MIT and Harvard scientists have unveiled evidence showing individuals exhibit heightened creativity when awakened during the initial stages of sleep and guided to dream about a specific subject. This process, employing a tool known as Dormio, led to a 43% increase in creative output compared to those who rested without particular dream guidance.
A recent study demonstrates that people become more innovative after waking from the earliest sleep phase, particularly when they are directed to dream about a specific subject.
Encountering an intractable problem? A brief nap might just be the answer, suggests a study by researchers from MIT and Harvard Medical School.
The researchers revealed that during the phase where one oscillates between wakefulness and sleep, commonly referred to as sleep onset, the creative mind is exceptionally productive.
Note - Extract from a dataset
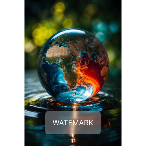 A glass globe representing Earth rests on a reflective surface, illuminated by a tapestry of fiery and aquatic colors.
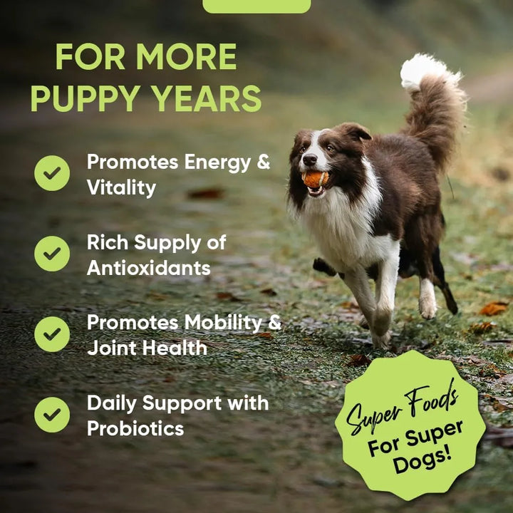 - Fortalece el sistema inmunológico: Los brotes de brócoli (ricos en sulforafano) y la espirulina trabajan juntos para proteger a tu perro de alergias y enfermedades.

For the first time, they demonstrated that when individuals are prompted to dream about a specific subject during this sleep phase, they significantly outperform in three creativity tasks related to that subject.
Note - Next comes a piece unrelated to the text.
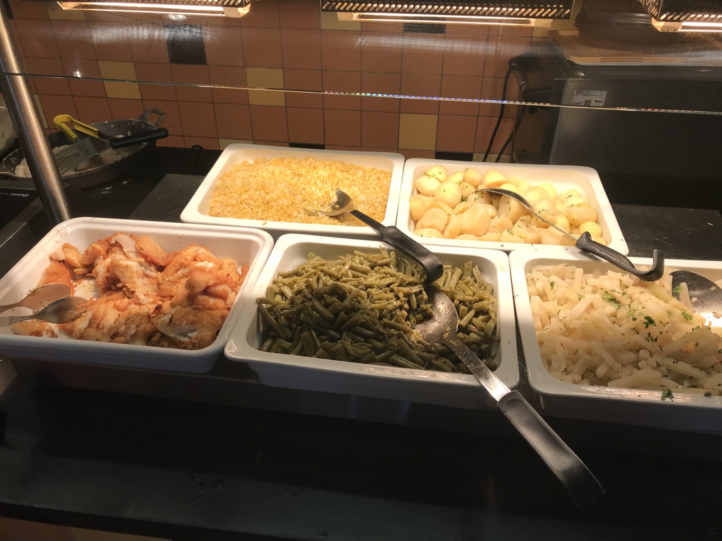 Beilagen und Fisch (vorne links)
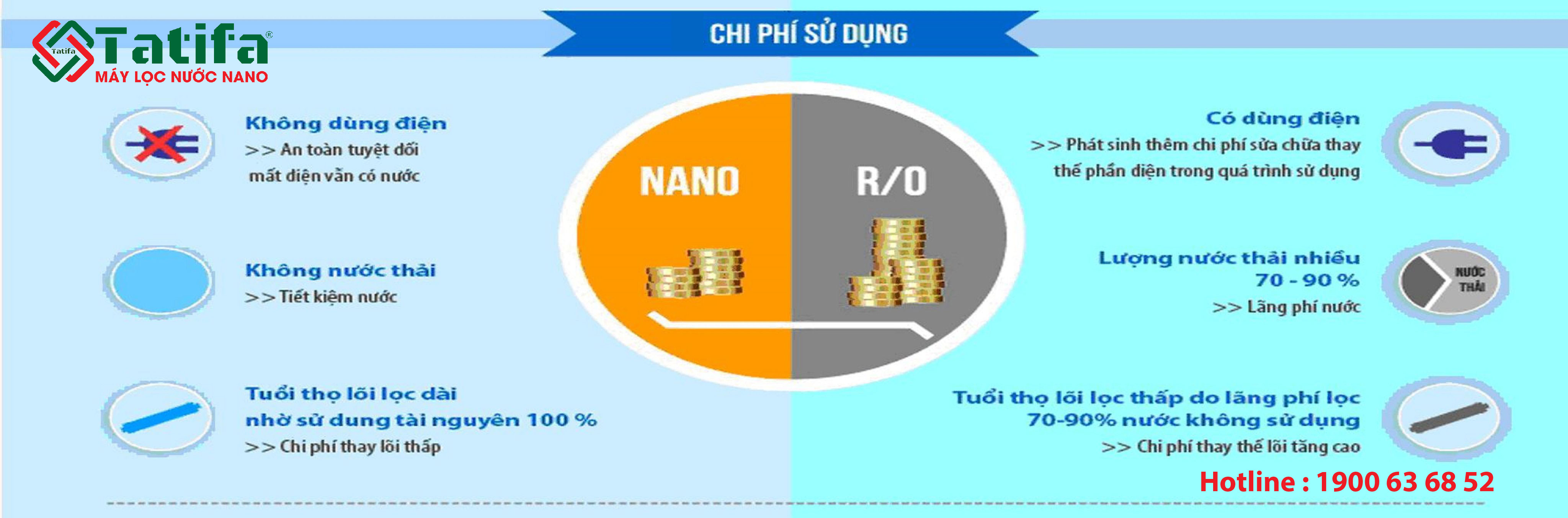 Máy lọc nước Nano : Sử dụng áp lực nước cấp để lọc nên không cần sử dụng điện ==> An toàn tuyệt đối cho người sử dụng. Cấu tạo máy rất đơn giản nên khách hàng tiết kiệm được chi phí do không tốn tiền điện, lõi lọc (số lượng lõi lọc rất ít) và khách hàng có thể tự thay lõi tại nhà giúp tiết kiệm tối đa chi phí bảo dưỡng.

“Prompting dreams about a topic during sleep onset can result in dream experiences that can later be harnessed for these creative tasks,” explains Kathleen Esfahany, an MIT senior and one of the study’s lead authors.
The Dormio system tracks a subject’s transition into sleep and then disrupts it. The subject hovers in a semi-lucid state where dreams can be guided toward a specific topic. Credit: Fluid Interfaces Group, MIT Media Lab
This prompt, termed “targeted dream incubation,” resulted in more innovative stories from people who napped with a specific dream guide than from those who napped without one or those who remained awake. The researchers suggest that the brain makes more extensive connections between disparate concepts during this dream state, thereby enhancing creativity.
“Accessing this brain state can augment creativity in your waking life,” comments Adam Haar Horowitz, a postdoc at the MIT Media Lab and a study lead author. The study was recently published in the journal Scientific Reports.
The principal investigators who spearheaded this study are Robert Stickgold, a professor of psychiatry at Harvard Medical School, and Pattie Maes, a professor at MIT’s Media Lab. Tomás Vega Gálvez, a former MIT graduate student in Maes’ research group, also contributed to the study.
Harnessing Creativity
Historically, anecdotal evidence has suggested that the earliest sleep stage, also known as N1 or hypnagogia, provides a fertile environment for innovative ideas. In 2021, a study from the Paris Brain Institute supplied experimental evidence supporting the idea that sleep onset boosts this type of creative insight.
In this semi-lucid sleep state called hypnagogia, we start dreaming before fully falling unconscious. Dormio, a low-cost, open-source sleep tracking technology, is designed to tap into this state. Credit: Oscar Rosello
The MIT researchers were interested in expanding this finding to realms more directly related to creativity, such as storytelling. They also wanted to investigate the possibility of steering the content of people’s dreams and how such directed content might affect the creative process.
Horowitz, along with fellow MIT Media Lab students, developed a device known as Dormio for targeted dream incubation. The device, which includes a glove that records three physiological sleep markers—changes in muscle tone, heart rate, and skin conductance—relays them to a smartphone or laptop application.
Upon entering the N1 state, the application prompts the wearer to dream about a specific topic. After a few minutes, as the wearer begins transitioning into the next sleep stage, the application wakes them up, queries them about their dream, and records their answer.